Try reading JL Collin's Stock Series.
http://jlcollinsnh.com/stock-series/

Basically, try to buy low cost indexes and avoid fees.

If you're just starting, I think it wouldn't be unreasonable to just dump it all in a low cost SP500 or total market index fund. As your stash grows, you might then think about more diversification (total bond fund and total international index).

MVal: I would avoid whatever the fee you are being charged for someone else to do your asset allocation. If you're 100% US equities (SP500 or total market), there is no rebalancing. No rebalance necessary in target date funds either (they do that in the fund itself).

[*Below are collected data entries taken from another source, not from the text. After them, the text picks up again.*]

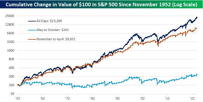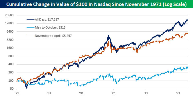 - For the S&P 500 (since 1952) and the Nasdaq Composite (since 1971), the majority of returns have occurred during the November through April period, as shown by the charts below.
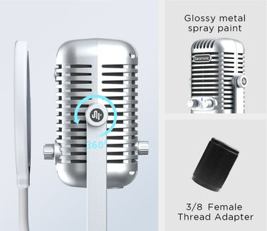 - Một giá đỡ để bàn có thể điều chỉnh và bộ lọc pop được bao gồm, cho phép bạn bắt đầu dễ dàng và nhanh chóng để ghi âm phòng thu tại nhà, podcasting, phát trực tiếp, v.v.
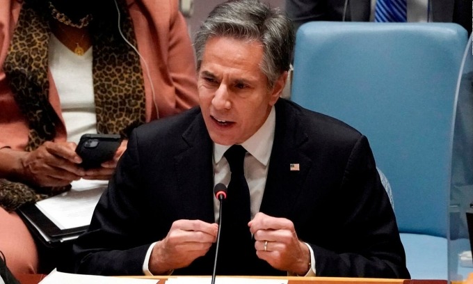 Ngoại trưởng Mỹ Antony Blinken phát biểu ngày 17/2 tại Hội đồng Bảo an Liên Hợp Quốc. Ảnh: AP.
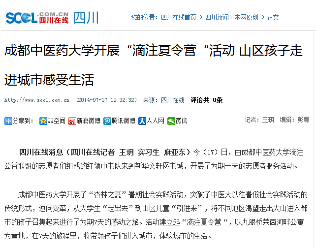 四川在线关注“滴注夏令营”活动
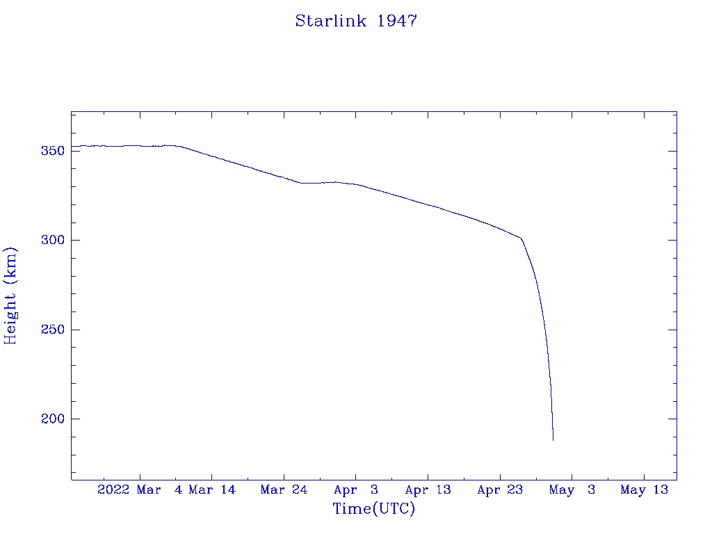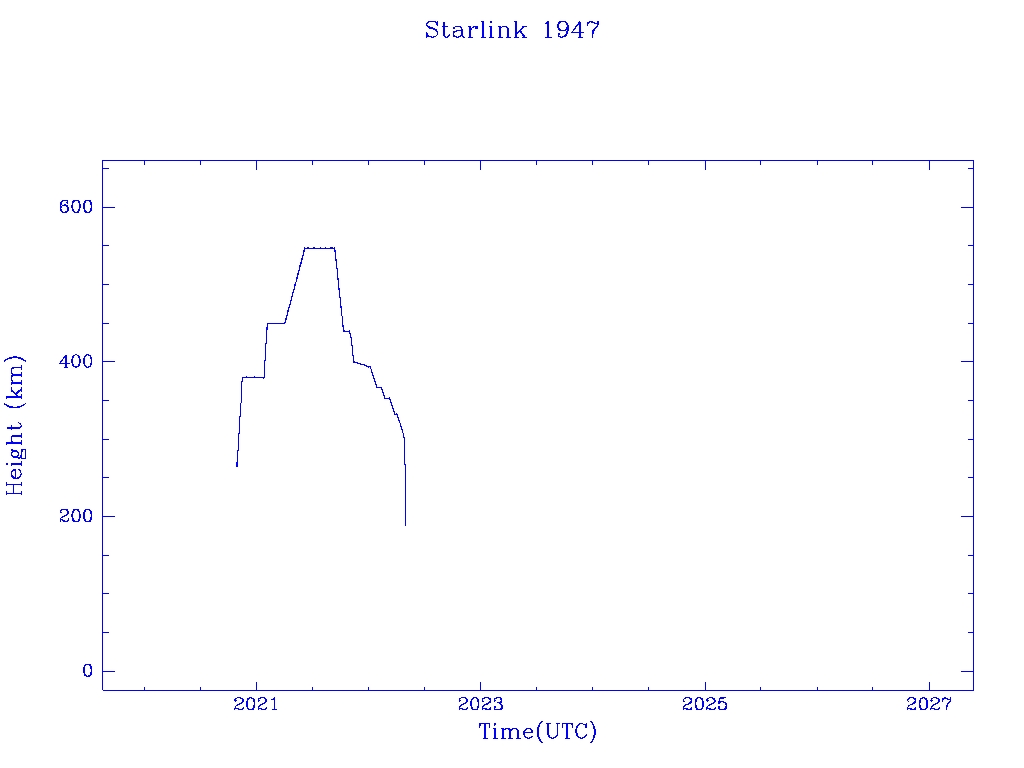 | Starlink 1947 | S46797 | R | 2020 Oct 24 | 2022 Apr 26 | 2022 Apr 30 |  |  |  |

If you have something like a three fund portfolio (US Stock Market, US Bonds, International Stock Market), you need to (1) pick an asset allocation [% you invest in each of the three funds] and (2) rebalance once a year [reset whatever your current asset allocation is to your desired allocation in (1)]. Once you've figured out how to rebalance once, it will probably take you 10-15 minutes a year.

Re: Picking an asset allocation.
Lost of people will advocate for 100% stocks. This may be a good decision if you can handle not selling when the market drops.
Personally, I keep my bond allocation between 15-20%. That way, I can rebalance when the market drops a bunch and I feel like I'm doing something.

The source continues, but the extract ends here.